An average of 200,000 people a year ran the Nantahala over the last five years — most of that crammed into a mere three months. Between 85 and 90 percent of river traffic is with a commercial outfitter, according to the forest service.
Moving thousands of rafters on and off the river in a day is no small feat given the narrow road, dearth of parking and cramped put-ins and take-outs.
While Nantahala Outdoor Center has its own take-out on its property, the rest of the raft outfitters share two take-outs.
Guides must get their loads of giddy and adrenaline-pumped rafters to the shore, out of their boat, out of their life jackets, then onto a bus — plus the rafts strapped on top — within 10 minutes to make room for the next bus waiting in the wings.
“We all work together to make sure that we are not clogging these places up. We understand the importance to make sure things move smoothly. It is a concerted effort,” said Kevin Gibbs, CEO of Wildwater and president of the Nantahala Gorge Association, an affiliation of rafters.
The same goes for put-ins, which are equally short on space.
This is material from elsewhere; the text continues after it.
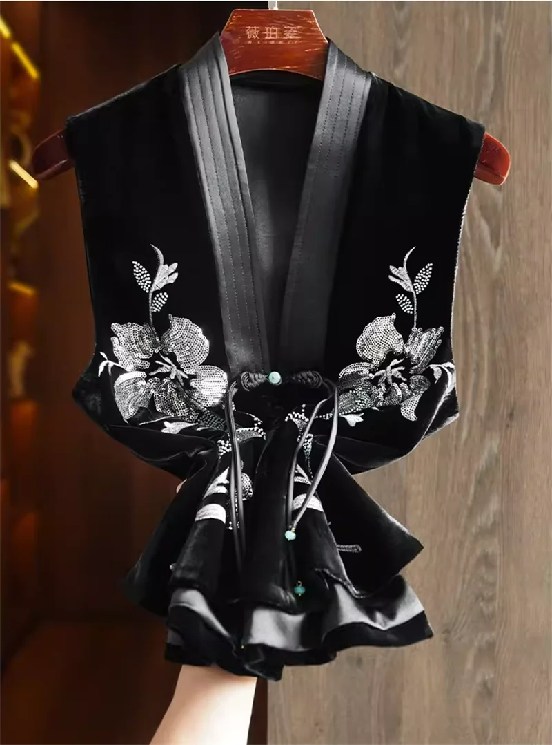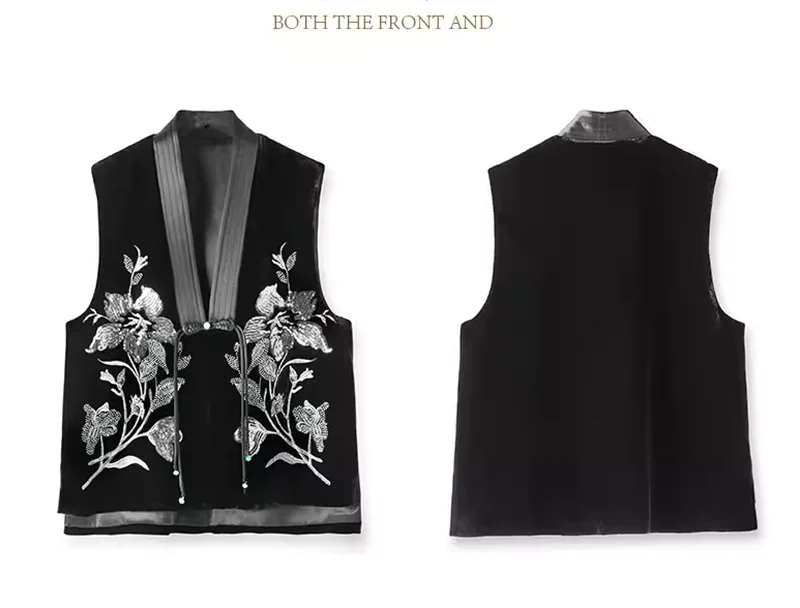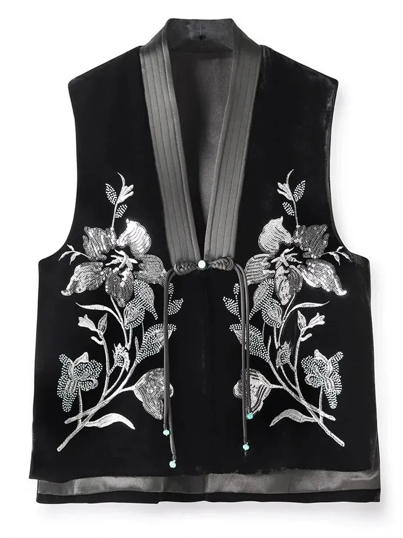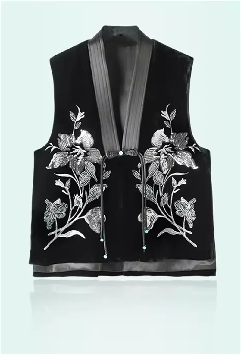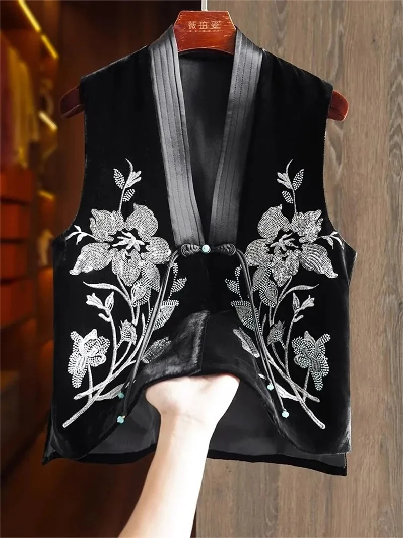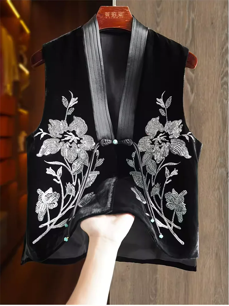 Colete de veludo de seda chinês feminino, bordado frisado, estilo nacional, casaco de fivela, coletes de veludo feminino, coletes high-end, novo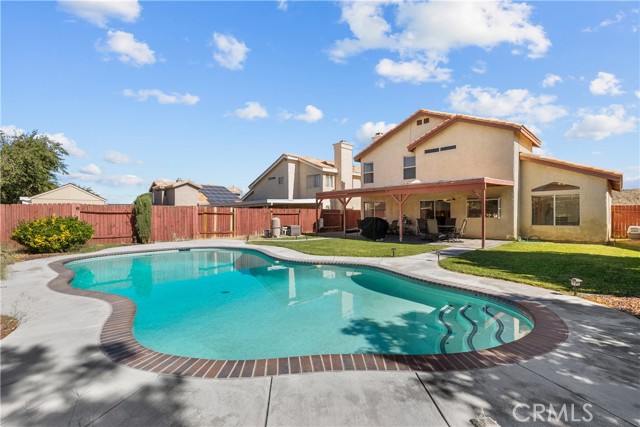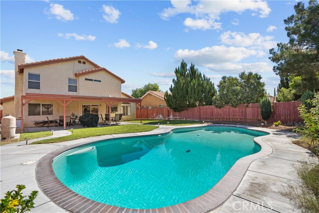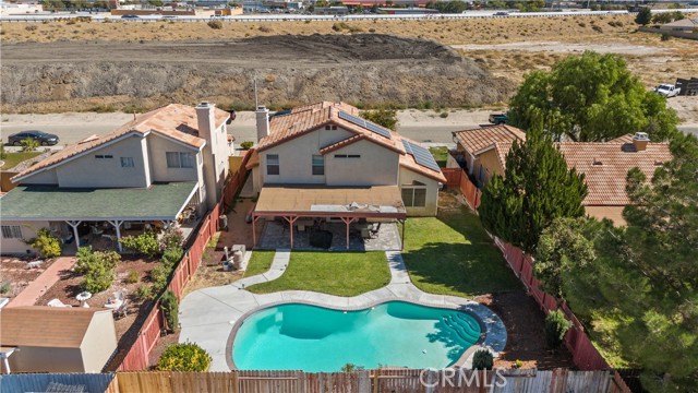 Solar Paid Off! Heated Pool! West Side of Lancaster! 4 bed 3 bath and a huge backyard patio to enjoy the great outdoors. This home welcome you with high vaulted ceilings, and very spacious living room, dining room area with plenty of natural light. Upstairs boost 3 bedrooms and 2 full bathrooms. The master suite has a walk-in closet, double vanity. There is a bedroom and full bathroom downstairs. The kitchen is opened space facing the family room which you can enjoy cooking and at the same time entertain your guest or family. The Backyard features a Large Pool and plenty of additional space and shade for entertainment. The Pool was recently renovated with new plaster along with recently done stone bricks underneath the large patio. This home is conveniently close to shopping centers, schools, freeways, and restaurants.

The forest service initially considered granting up to 36 new commercial permits — compared to the 16 they have now. Doing so would have also opened the door for new commercial outfitters — not just camps and colleges — to start doing business on the Nantahala.
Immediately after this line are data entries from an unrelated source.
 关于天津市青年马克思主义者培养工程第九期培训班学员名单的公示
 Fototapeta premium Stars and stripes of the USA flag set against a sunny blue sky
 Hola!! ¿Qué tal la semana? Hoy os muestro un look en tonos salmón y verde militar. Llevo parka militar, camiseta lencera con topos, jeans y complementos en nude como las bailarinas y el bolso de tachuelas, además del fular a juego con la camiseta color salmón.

Rafting outfitters feared an influx of camps, colleges and new commercial guides running their own trips down the river would create an untenable free-for-all.
Guides unaccustomed to the hustle of the river would clog up the works. And guides unfamiliar with the river’s more treacherous spots could also pose safety risks, the existing outfitters argued, pointing to Big Wesser Falls just downstream of the commercial take-out.
“If you miss the take-out, you are going to want to paddle really, really hard to get to shore because there is a very large rapid just below it that no one paddles commercially,” Gibbs said. “It is very difficult, and it can be very dangerous. That is one of our initial concerns.”
Yes to kayaks, no to rafts
After studying the issue for much of the last year, the forest service decided against new commercial permits for raft trips, it announced last week.
But the forest service did make a concession that pleases camps and colleges. The forest service will issue a dozen new permits for guided kayak and canoe trips on the river. The permits will only be good Monday through Thursday, however, avoiding the busy weekends. Group size and the number of trips a year are also limited for those seeking the new permits.
Mike Wilkins, chief forest ranger for the Nantahala District, said the facilities and infrastructure in the Gorge simply can’t accommodate more traffic.
“It is really hard to move lots of people in and out quickly,” Wilkins said.
Both the outfitters and camps say the decision strikes a balance between giving camps more flexibility to take their own kids down the river yet guarding against the type of mayhem outfitters feared.
“I think that Mike listened to everybody’s concerns, not just the folks interested in coming here but the folks who are already here,” Gibbs said.
Wilkins said he wasn’t exactly aiming for a compromise, although that’s what it’s being called.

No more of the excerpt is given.